IT is most creditable to Generals Sickles, Meagher, and Corcoran—all of whom have proved themselves brave soldiers—that in their speeches for the war they heartily denounce the attempt to dissuade enlistments by the cry of abolitionism. They say distinctly, what for their future it is to be hoped they see as clearly, that at this moment there are no parties whatever except true men and traitors. There is the party for the war, and the party against it. Those who are constantly shouting that the abolitionists ought to be hung belong to the party that Jeff Davis loves. General Corcoran puts it well when he says that he does not ask whether the man at his side is an abolitionist or a pro-slavery man, so long as he stands firmly shoulder to shoulder, and strikes straight for the Union,

Let us settle that we have a Union, and then determine what party we belong to. And to that settlement let nothing impede our way. Neither of the Generals that we name are "abolitionists," as the word has been used, and they are not known as anti-slavery men. They may even believe it practicable to save the Union and leave slavery unharmed. But that they would let the Union slide rather than slavery we do not believe; and that they will presently see that effectually to end the war the slave system must be suppressed we do not doubt.

General Cochrane and General Busteed have already said what they think of the question. The latter, with acute humor, declares that he does not see that if his blood is not too good and precious to be shed for the Government why a black man's is. He does not believe that the lives of colored people are any more valuable than those of other people; nor does he see why white men should go as substitutes for black ones.

General Sickles, in his Brooklyn speech and elsewhere, mentions the folly of supposing that the liberation of slaves would bring them to the North. He says, what every sensible person sees to be true, that it would be the very thing to keep them at home, because then they would have a fair chance.

General Spinola declares that he thinks white men better fight and colored men dig. But he says that if the rebels lose their slaves they have only themselves to thank for it.

If, then, we can help our brave fellows in the field, and at once shorten their service and the war by disorganizing the labor, the lines, and the life, of the rebels, we do not believe one of these Generals would insist upon keeping them strengthened. For they are Generals not only because they wish to serve their country, but because they are shrewd men and understand the necessities of things,


GENERAL HALLECK does not show himself less worthy the public confidence because he forbids correspondents in camp. While we are compelled to make war let us do it in a warlike way. Let us have secrecy of movement, and if it can not be absolute, let us be as secret as we can. General Halleck is said to be a man who does not care for any body's criticism or opposition. Such a statement is probably an extravagant manner of expressing a most desirable quality of character.

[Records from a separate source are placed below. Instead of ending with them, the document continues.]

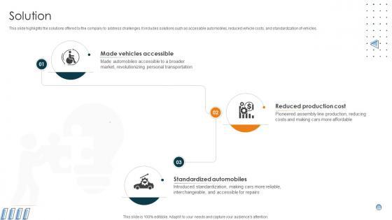 This slide highlights the solutions offered by the company to address challenges. It includes solutions such as accessible automobiles, reduced vehicle costs, and standardization of vehicles. If your project calls for a presentation, then Slidegeeks is your go-to partner because we have professionally designed, easy-to-edit templates that are perfect for any presentation. After downloading, you can easily edit Solution Car Manufacturing Company Business Model BMC SS V and make the changes accordingly. You can rearrange slides or fill them with different images. Check out all the handy templates This slide highlights the solutions offered by the company to address challenges. It includes solutions such as accessible automobiles, reduced vehicle costs, and standardization of vehicles.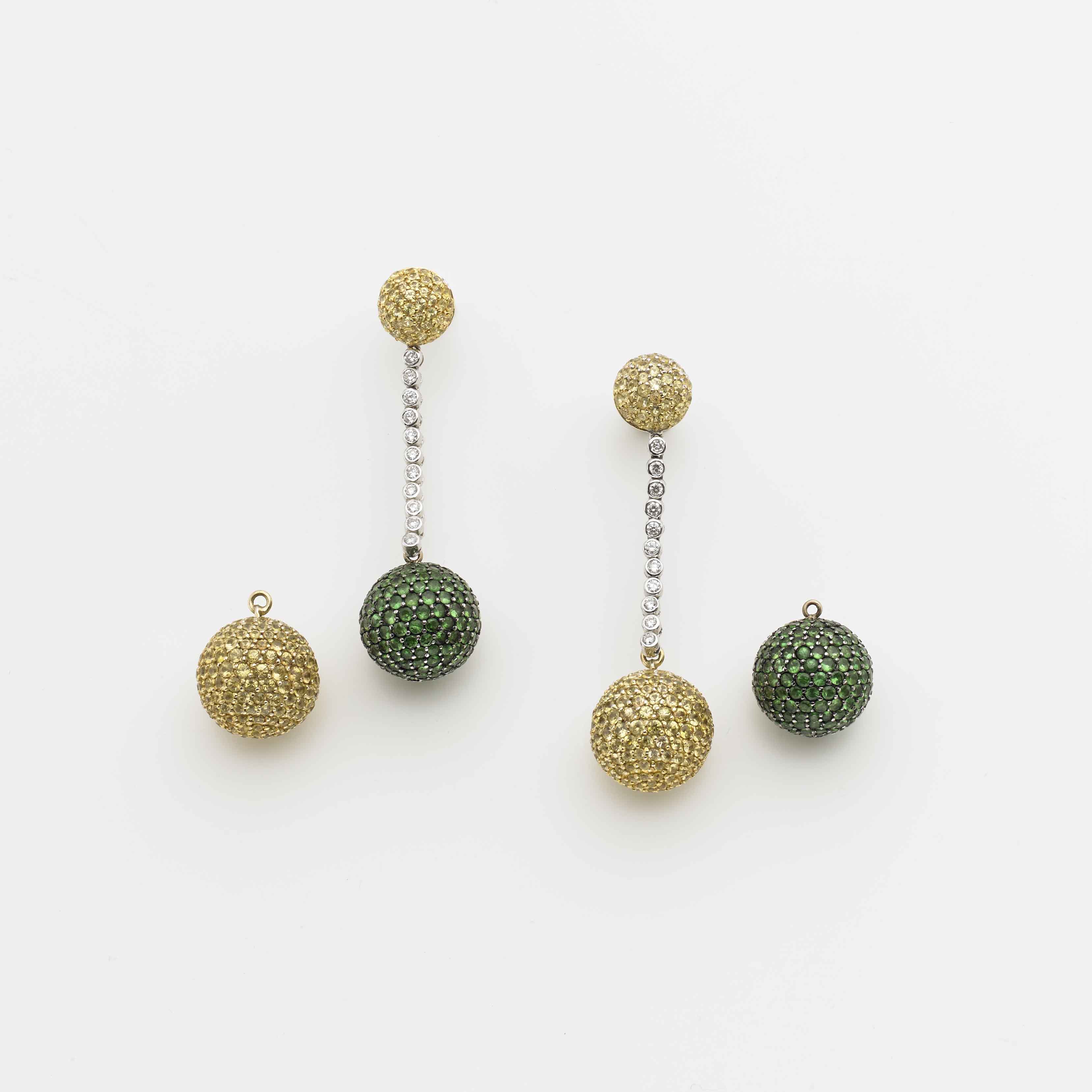 Orecchini pendenti in oro bianco e radiato nero con diamanti, zaffiri gialli e paste vitree verdi. Le boules finali sostituibili, g.39,30 White and rhodium-plated gold earrings with diamonds, yellow sapphires and vitreous paste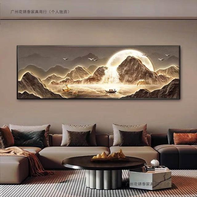 聚寶盆風水掛畫客廳裝飾畫輕奢沙發後背景墻日照金山大氣山水壁畫 33a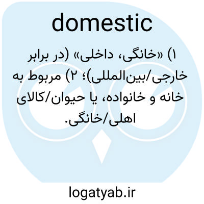 ۱) «خانگی، داخلی» (در برابر خارجی/بین‌المللی)؛ ۲) مربوط به خانه و خانواده، یا حیوان/کالای اهلی/خانگی.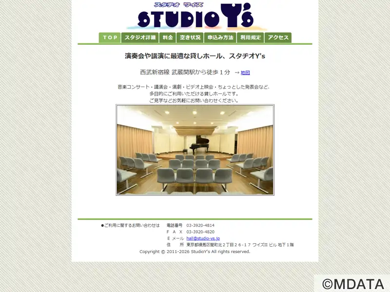 東京・練馬区の武蔵関駅から徒歩1分の場所にある多目的貸しホール。音楽コンサート、講演会、演劇、ビデオ上映会など、幅広いイベントに対応できる。130インチのフルHDプロジェクターやヤマハのグランドピアノ(S4B)を備え、60席の観客席は移動可能で、様々なレイアウトに対応可能。さらに、録音・再生機器や音響調整設備も完備し、リハーサル室も併設。質の高いイベントをサポートするための充実した設備が整っている。
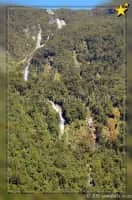 Browne Falls is a waterfall above Doubtful Sound, which is located in Fiordland National Park, New Zealand. In a temperate rain forest, the falls cascade down to the fiord near Hall Arm. Heights of 619 metres and 836 metres have been given for the falls.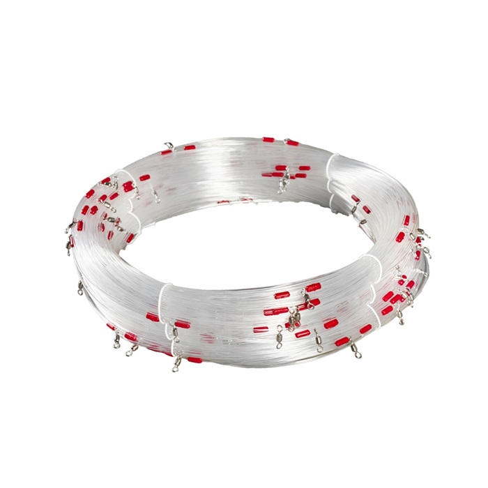 尼龍單絲轉環繩可生產尺寸為線徑1.2mm至3.0mm,轉環型式、間距、整組長度均可按漁民需求客制而成。歡迎與我們聯繫您的需求,我們將為您量身訂制解決方案。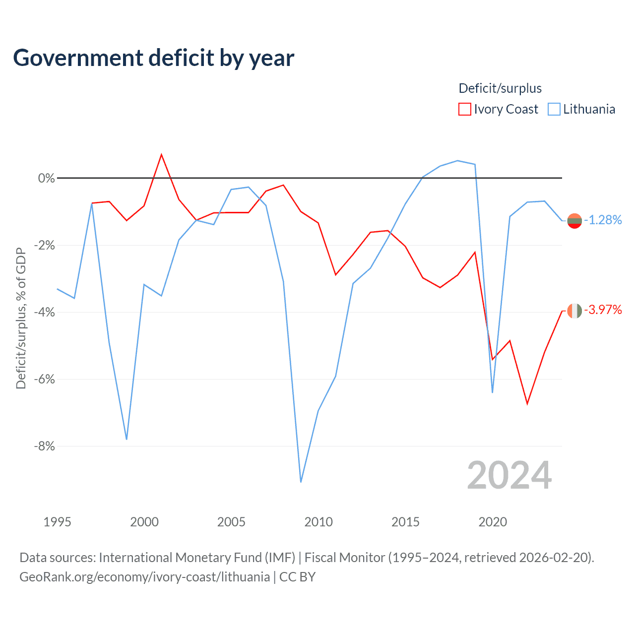 Ivory Coast has $51.6B in government debt (59.3% of GDP), compared to $32.4B (38.2% of GDP) in Lithuania.

One thing, of course, he will not forget. The people have a right to know the current course of affairs, and the authorities have no right to change or cook the truth. When, therefore, the Government undertakes to supply us with information, it must do it. After Ball's Bluff the Government was apparently guilty of tampering with the nation: that is to say, it had control of the telegraph and it did not tell the truth. We had been bitterly and simply routed, and the news came to us as a success even, then a masterly falling back. If the authorities were themselves misinformed, there was no offense on their part, but they should never have been again misinformed by those officers at least.

So the retreat of McClellan upon the Peninsula was first announced as a great movement which was sure to secure Richmond. Exactly what that movement was is now evident to the blindest prejudice. If it were represented to the Government as other than a retreat, the Government should take care never to be deceived by the same persons again.

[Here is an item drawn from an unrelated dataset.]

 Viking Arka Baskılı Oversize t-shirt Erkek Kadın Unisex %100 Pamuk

Some newspapers assume that the Government stops correspondence, from the conviction that the people are children and cowards who can not bear

to hear the truth. On the contrary, the Government treats us like men who understand that war has the most rigid necessities, and who can wait until the issue of a movement before we hear all the details. We greatly mistake General Halleck if he is going to suffer any falsehoods or glosses to be telegraphed. He alone, if the Generals in the field are faithful, knows, from hour to hour, the fortune of the day. He alone can tell us at the earliest moment the comprehensive result. It would be the height of folly in him to excite the public with every account he receives. On the other hand, it would be downright madness to conceal any important event.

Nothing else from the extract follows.